Given records.
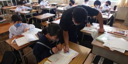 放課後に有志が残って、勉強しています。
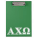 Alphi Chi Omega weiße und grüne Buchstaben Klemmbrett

---

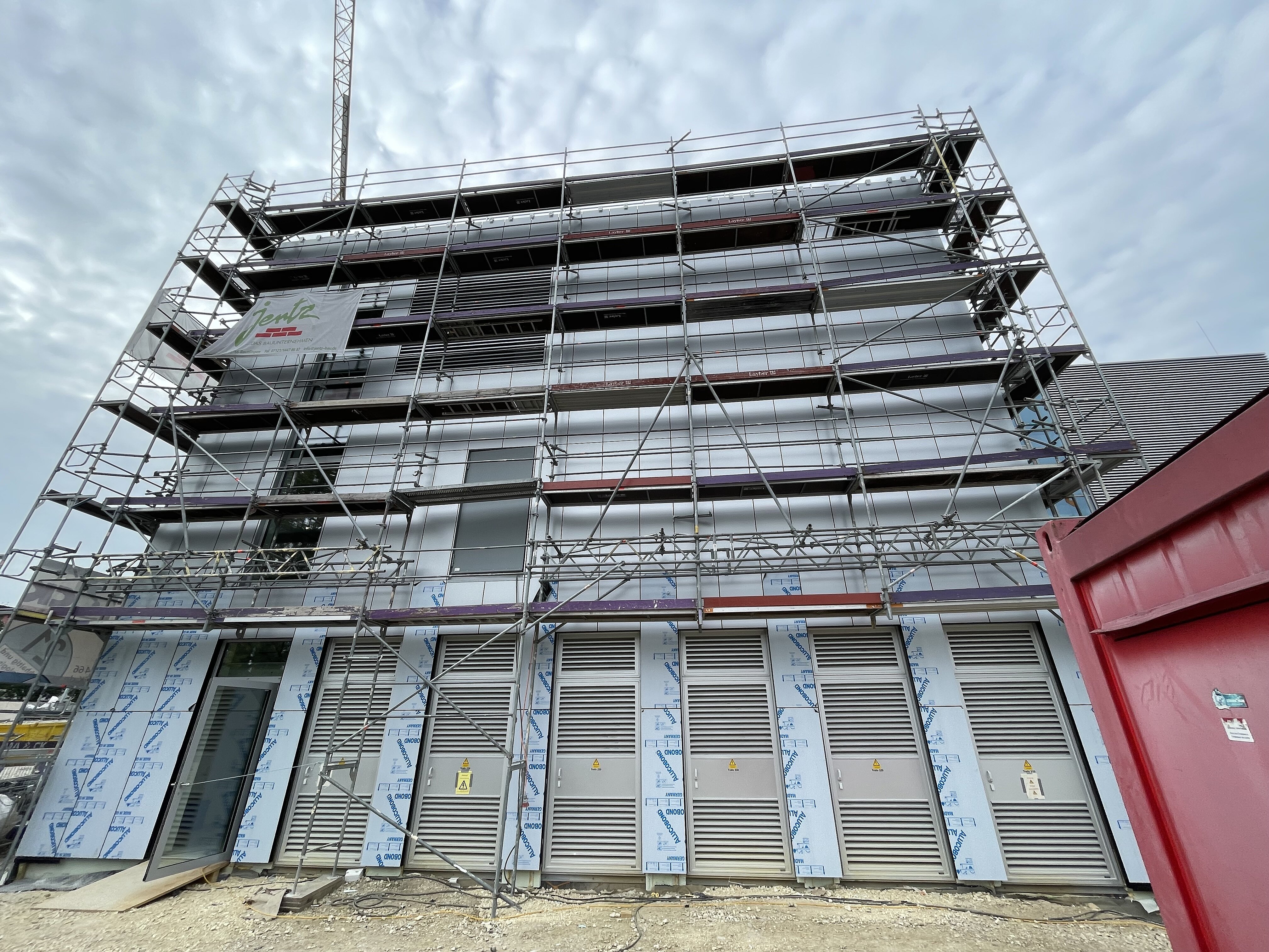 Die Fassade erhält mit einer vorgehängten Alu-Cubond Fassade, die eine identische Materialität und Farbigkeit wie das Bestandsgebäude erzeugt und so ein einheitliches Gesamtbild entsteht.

* * *

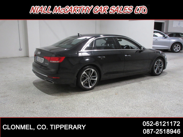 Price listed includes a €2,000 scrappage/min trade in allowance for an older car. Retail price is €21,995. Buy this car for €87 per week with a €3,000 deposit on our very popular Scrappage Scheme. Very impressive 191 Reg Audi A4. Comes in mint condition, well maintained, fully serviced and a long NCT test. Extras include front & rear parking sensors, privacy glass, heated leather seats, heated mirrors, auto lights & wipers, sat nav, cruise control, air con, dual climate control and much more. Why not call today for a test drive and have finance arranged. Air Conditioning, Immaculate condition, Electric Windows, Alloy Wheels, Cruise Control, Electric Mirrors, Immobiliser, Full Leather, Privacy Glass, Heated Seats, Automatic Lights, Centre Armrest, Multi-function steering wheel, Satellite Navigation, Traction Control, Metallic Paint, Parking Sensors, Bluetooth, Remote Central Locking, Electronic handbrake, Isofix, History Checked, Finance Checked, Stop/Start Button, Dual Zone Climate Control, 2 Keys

Instructions for the task. Using the data above, retype exactly and only the lines from the one containing "放課後に有志が残って、勉強しています。" up to and including the one containing "Alphi Chi Omega", with no pictures carried over.

Result below.
 放課後に有志が残って、勉強しています。
 Alphi Chi Omega weiße und grüne Buchstaben Klemmbrett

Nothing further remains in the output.